Dari hasil penyidikan diketahui para pelaku menerima pesanan melalui aplikasi WhatsApp. Pemesan cukup mengirimkan data kendaraan, kemudian para tersangka mencetak STNK palsu sesuai informasi yang diterima sebelum menyerahkannya kepada pelanggan.
Polisi mengungkap tarif pembuatan dokumen ilegal tersebut bervariasi tergantung jenis kendaraan.
"Tarif pembuatan STNK palsu dipatok sebesar Rp750.000 untuk sepeda motor, sedangkan kendaraan roda empat dikenakan biaya mulai Rp1 juta," kata Kombes Arisandi.
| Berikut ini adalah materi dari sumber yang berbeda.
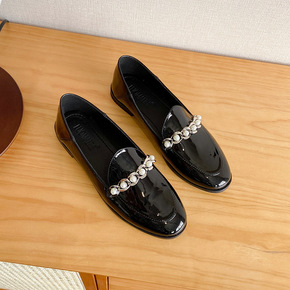 乐福鞋女夏季百搭2022新款串珠平底单鞋配裙子小皮...
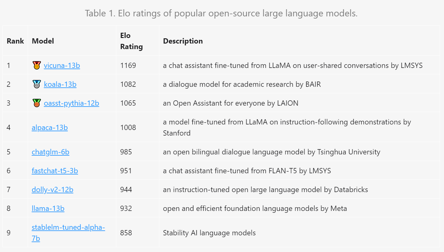 LMSYS ORG 是一个开放的研究组织,由加州大学伯克利分校的学生和教师与加州大学圣地亚哥分校和卡内基梅隆大学合作创立。Elo 评分系统统是指由匈牙利裔美国物理学家 Arpad Elo 创建的一个衡量各类对弈活动水平的评价方法,是当今对弈水平评估的公认的权威方法。被广泛用于国际象棋、围棋、足球、篮球、电子竞技等运动;Elo 评分越高,越厉害。
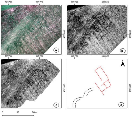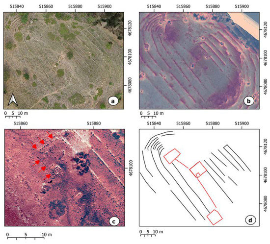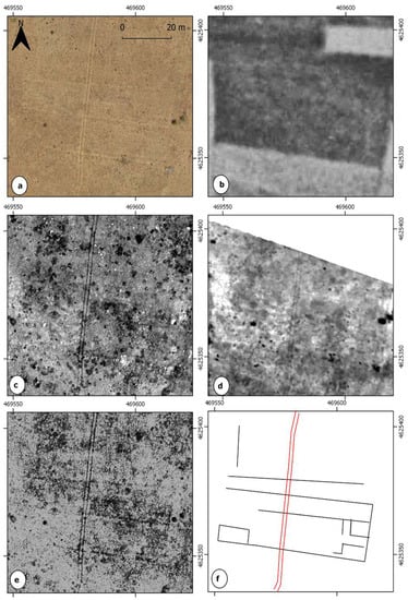 However, as can be seen in the images of the various treatments (Figure 13c–e) and in the interpretation made (Figure 13f), the appearance of transverse marks at the orientations corresponding to divisions subdivided gave the impression of archaeological structures from which the subdividing walls were supported.

Dalam operasi tersebut, penyidik menyita berbagai barang bukti berupa satu unit kendaraan, laptop, printer, sejumlah telepon genggam, serta berbagai peralatan yang diduga digunakan untuk memproduksi STNK palsu.
Selain itu, polisi turut mengamankan sampul STNK, cap stempel, contoh hasil cetakan STNK, notice pajak yang diduga palsu, hingga rekaman percakapan transaksi antara pemesan dengan para tersangka yang menjadi bagian dari alat bukti penyidikan.
Keempat tersangka dijerat dengan Pasal 391 ayat (1) KUHP terhadap pembuat dokumen palsu, Pasal 391 ayat (2) KUHP terhadap pengguna dokumen palsu, serta Pasal 21 huruf a dan b KUHP bagi pihak yang diduga membantu tindak pidana tersebut. Para pelaku terancam hukuman maksimal enam tahun penjara atau pidana denda sesuai ketentuan perundang-undangan.
Kabid Humas Polda NTB Kombes Pol Mohammad Kholid mengingatkan masyarakat agar tidak tergoda menggunakan jasa pembuatan dokumen kendaraan ilegal karena dapat menimbulkan konsekuensi hukum dan membuka peluang terjadinya kejahatan lain.
"Pemalsuan dokumen kendaraan tidak hanya merugikan masyarakat, tetapi juga berpotensi dimanfaatkan untuk mendukung tindak kejahatan lainnya. Kami mengimbau masyarakat agar selalu memastikan keaslian dokumen kendaraan melalui instansi resmi dan tidak menggunakan jasa pembuatan dokumen ilegal," ucapnya.
Polda NTB juga mengimbau masyarakat yang hendak membeli kendaraan bekas agar memeriksa kesesuaian nomor rangka, nomor mesin, STNK, dan BPKB melalui Samsat maupun layanan resmi kepolisian. Masyarakat juga diminta segera melaporkan apabila menemukan dugaan praktik pembuatan maupun peredaran dokumen kendaraan palsu.